Department of Urology, Meir Hospital, Kfar Saba,
Clin Drug Investig. 2003;23(3):205-15. doi: 10.2165/00044011-200323030-00006.
To present management options for gynaecomastia and mastodynia associated with nonsteroidal antiandrogen therapy, supported by relevant data and case studies.
Gynaecomastia (male breast enlargement) and breast pain/ sensitivity (mastodynia or mastalgia) are pharmacologically expected adverse effects of nonsteroidal antiandrogen therapy for prostate cancer. They are caused by proliferation of glandular tissue in response to an increase in the ratio of estrogen to androgen. Gynaecomastia and mastodynia are benign conditions, and many patients choose to tolerate them as acceptable, usually mild or moderate, adverse effects of therapy. Recent data show that nonsteroidal antiandrogen monotherapy significantly reduces disease progression in localised and locally advanced prostate cancer, a finding that may result in wider and more long-term use of this treatment. Therefore, both clinicians and patients may benefit from increased awareness of the options available for the management of gynaecomastia and mastodynia. Management options, data and case studies: Management options for gynaecomastia and mastodynia are illustrated in a schematic flow diagram. Options identified are: (1) risk reduction using pretreatment breast irradiation; (2) stopping antiandrogen therapy; (3) acceptance of gynaecomastia and/or mastodynia in the context of the significant clinical benefit of antiandrogen treatment; (4) prompt treatment (liposuction/breast tissue excision, hormonal manipulation or pain control with irradiation or analgesics); and (5) later treatment (liposuction/breast tissue excision, hormonal manipulation or pain control with irradiation or analgesics). Where available, relevant data are discussed and the options are illustrated by case studies.

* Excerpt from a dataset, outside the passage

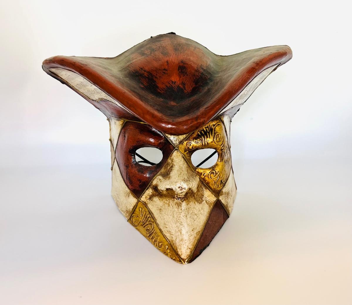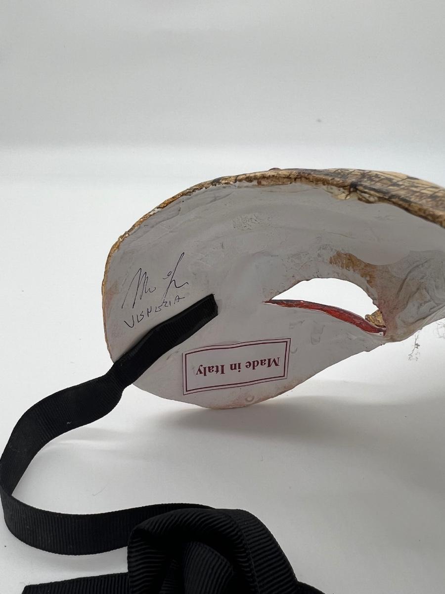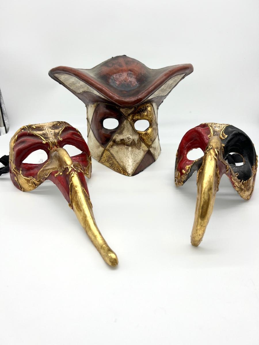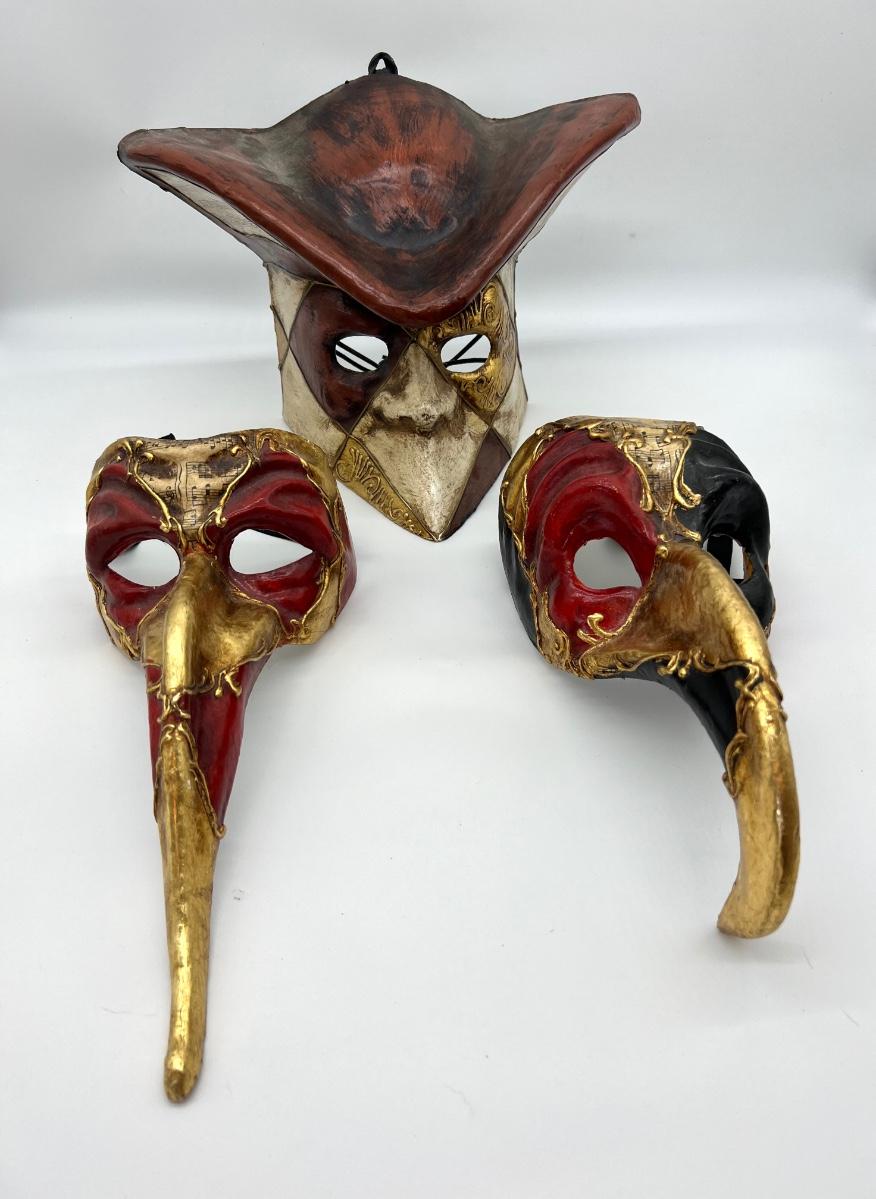 Signed and made in Italy. Full face mask measures 8 inches tall, 13 1/2 inches wide other mask, approximately 13 inches long 4 inches tall.

The risk of developing gynaecomastia is lessened by prophylactic breast irradiation. Following the development of gynaecomastia, treatment options include readjustment of the estrogen-to-androgen ratio using antiestrogens, surgery in the form of liposuction or, for more advanced cases, breast tissue excision. Mastodynia may be controlled by post-treatment irradiation or analgesics.
介绍与非甾体类抗雄激素治疗相关的男性乳房发育症和乳房疼痛/敏感性(男性乳房发育症或乳房痛)的管理选择,并提供相关数据和病例研究支持。

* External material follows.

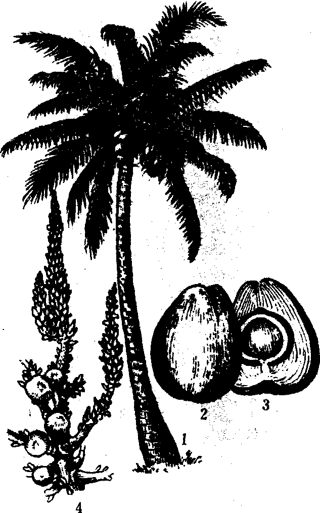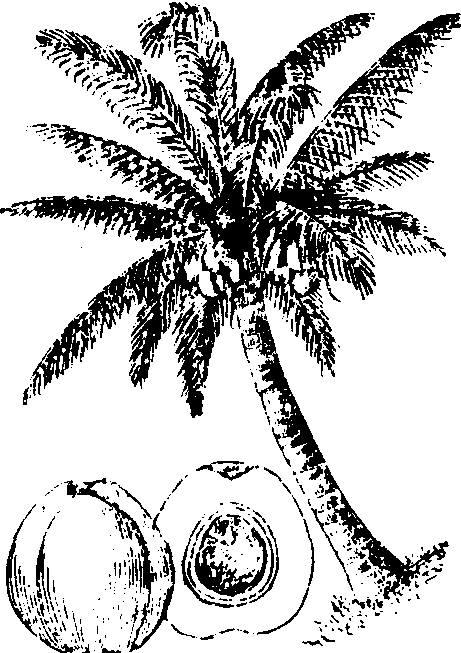 释义 | 椰子yēzi常绿乔木,树干很高,直立无枝,生长在热带。果实也叫椰子,果皮黄褐色,果壳坚硬,肉白色,内腔多汁。果肉可以吃或榨油,果汁可以做饮料。 椰子yēzi❶ 〈名〉常绿乔木,核果椭圆形,果肉多汁,含脂肪。 古代名物 > 木果類 > 果木部 > 喬木 > 胥餘 > 椰子 椰子 yēzǐ 即胥餘。 椰子【同义】总目录 椰子越王头胥馀 果实名 果实名栗子:栗(霜栗;锥~) 河东饭 ☚ 果的各部分 水果 ☛ 椰子coconut棕榈科椰子属常绿果树,乔木。又名胥余、越王头、椰標(台湾)。学名Cocos nu-cifera L.。 椰 子 1. 植株; 2. 果实; 3. 果实纵剖面; 4. 花序 椰子需高温环境, 以年平均气温27℃左右, 年降水量1300~2300毫米、地下水位1~2米、相对湿度80~90%、海拔高度低于100米的地区最适, 中国年平均气温23℃的地区也适宜种植, 15℃以下的低温持续时间长会影响产量。对土壤要求不严, 以肥沃的冲积砂壤土最好,砖红壤、砂壤土和珊瑚土,pH5~9适宜。 主要品种 椰子用种子繁殖, 多异花授粉, 变异大, 分类较难。1949年纳拉扬纳(G.V.Narayana)和约翰(C.M.John.)按植株高矮和授粉形式分为两个类型,即高种椰子(Tall Types)和矮种椰子(Dwarf Ty-pes)。后来,里扬纳吉(D.V.Liyanage)认为有一个中间类型(var.anramfiaca)。 高种椰子植株高达20米, 树干基部膨大(称“葫芦头”), 异花授粉, 植后7~8年开花结果, 产量高, 椰肉厚,质量好,含油率高, 经济寿命长达70~80年。主要变种有❶蒂皮卡(var. typica)。是主要商品栽培种。 ❷斯皮卡塔(var.spicuta)。花序不分枝或少分枝, 印度尼西亚称穗状椰子。 ❸安得罗佩纳(Andropena)。花序多分枝。 ❹马卡普纳(Makapuna)。因果腔充满可口松软的胶状体,又称实心椰子。 ❺塔格纳姆(Tagna-nam)。未成熟的椰子果皮甜,可食,又称甜皮椰。 矮种椰子高5~10米,自花授粉, 植后3~4年开花结果, 果小而多, 椰肉软而薄, 含油率低, 经济寿命30~40年。主要作鲜果、杂交亲本和观赏用。由于果实和叶片颜色不同, 又有红矮、黄矮和绿矮之分。主要有两个变种: ❶那那(var. nana)。植株矮小。 ❷爪哇尼卡(var. javanica)。树干较粗壮, 果实较大。 中间类型植株高度介于前两类型间, 植后7~8年结果, 自花授粉, 椰肉薄而软, 水多而甜, 主要作鲜果和观赏用。 栽培技术要点 用椰果繁殖,催芽育苗。海南高种和矮种椰子采果后40~50天发芽。西非高种和PB121杂种需90~100天才发芽。当芽长约20厘米时移入苗床或容器育苗。苗龄8~12个月、苗高80~100厘米即可选羽裂早、茎粗、叶脉明显、无畸形的壮苗在雨季初期定植。一般高种椰子每公顷植150~180株, 杂交种200~210株, 矮种椰子225~240株。植株3年生以前生长慢, 抗性差, 要及时除草施肥, 并防兽害。为充分利用土地, 可间种咖啡、可可、胡椒等作物, 也可间作豆科绿肥;或在行间种植热带葛藤等覆盖植物,以保持椰园水分, 并增施氮、磷、钾肥, 促使椰子速生快长。 中国椰子病虫害不严重, 主要有二疣犀甲为害心叶, 严重时破坏生长点, 致植株死亡。其他产椰国家严重病害主要有: 败生病, 为慢性毁灭性病害, 发现于菲律宾, 病因不明, 难防治; 致死性黄化病, 为急性毁灭性病害, 病原为类菌质体, 发现于加勒比海地区; 致死性萎蔫病,维管束被一种雏体鞭毛虫阻塞,致叶片枯萎、植株死亡, 发现于巴西、南美诸国, 无有效防治方法。在引种时必须注意上述病害的检疫。 经济价值 每100克椰子肉中含碳水化合物15克,蛋白质近5克, 维生素B1173微克, B5103微克,α-生育醇700微克, γ-生育醇750微克。主要加工成椰干、椰丝、椰块、椰片和椰油, 作糕点和糖果的原料。椰油可作食用油和人造奶油, 也可制优质肥皂, 其副产品甘油含量达12~13%。椰汁营养丰富, 可作清凉饮料。20世纪60年代以来, 用新鲜椰子湿法加工生产椰蛋白、椰奶粉、无色椰子油、椰子粉等。椰果纤维可制绳索、扫把和地毯, 和橡胶并用加工床垫、沙发垫和汽车坐垫。椰壳可加工活性炭、制乐器和椰雕等。椰树质硬花纹美, 可作家具和建筑用材。椰子综合利用的产品已达360多种。 椰子椰子是海南“四大绿宝” (椰子、橡胶、胡椒、腰果) 之一,是海南一大特产。据史料记载,从汉代起,海南就有椰子种植,至今已有2000多年历史了。椰子喜欢在热带海风吹拂的环境中生长。椰子树是常绿乔木,有高矮之分,又有青椰和赤椰之别,青椰为椰果未成熟时呈青绿色,赤椰为椰果未成熟时呈赤黄色。它一般栽培8年后开始结果,一年四季花开花落,果实不断,一株树上同时有开花、幼椰果、嫩椰果、老椰果,真是“兄弟相聚、老少同堂”,盛产期20年以上,寿命长达80年,甚至100年。盛产期每株结果多的有100多个,每年秋天是椰子收获的旺季。椰子肉、汁都是嫩的比老的好吃,汁要喝当场采摘的椰子汁为妙,并最好是在日照不强的上午10时前为最清甜解渴,中午或下午就有些酸口了。椰子用途广泛,据不完全统计,它的用途有360多种。椰肉鲜甜,营养丰富,可生食,可制成椰蓉、椰奶,可配制椰子糖,椰子酱罐头。椰子肉炖鸡是海南的佳肴之一。椰子还可酿酒。明代著名作家吴承恩在他的 《西游记》 中曾多处提到“椰子酒”,可见椰子酿酒已有很长历史了。目前海南生产的椰子酒有两种,一种是用椰乳汁冲入米曲酒配制而成的 “椰林曲香酒”,另一种是以椰子水加入白糖经过发酵而成的“椰香液”,椰子水可直接饮用,每个椰子大约有800毫升的水;椰根可入药,老椰树干

男性乳房发育症(男性乳房增大)和乳房疼痛/敏感性(男性乳房发育症或乳房痛)是前列腺癌非甾体类抗雄激素治疗的预期药理学不良反应。它们是由腺体组织增生引起的,这是对雌激素与雄激素比例增加的反应。男性乳房发育症和乳房痛是良性疾病,许多患者选择将其视为可接受的、通常为轻度或中度的治疗不良反应。最近的数据表明,非甾体类抗雄激素单药治疗可显著降低局限性和局部晚期前列腺癌的疾病进展,这一发现可能导致这种治疗的更广泛和更长期使用。因此,临床医生和患者都可能受益于提高对男性乳房发育症和乳房痛管理选择的认识。
管理选项、数据和病例研究:男性乳房发育症和乳房痛的管理选项以示意图流程图的形式呈现。确定的选项包括:(1)使用预处理乳房照射降低风险;(2)停止抗雄激素治疗;(3)在抗雄激素治疗具有显著临床益处的情况下,接受男性乳房发育症和/或乳房痛;(4)及时治疗(吸脂/乳房组织切除术、激素治疗或用放疗或镇痛药控制疼痛);(5)后期治疗(吸脂/乳房组织切除术、激素治疗或用放疗或镇痛药控制疼痛)。在有相关数据的情况下,讨论了相关数据,并通过病例研究说明了这些选择。
预防性乳房照射可降低发生男性乳房发育症的风险。男性乳房发育症发生后,治疗选择包括使用抗雌激素药物调整雌激素与雄激素的比例、吸脂术或更严重病例的乳房组织切除术等手术形式。乳房痛可通过治疗后放疗或镇痛药控制。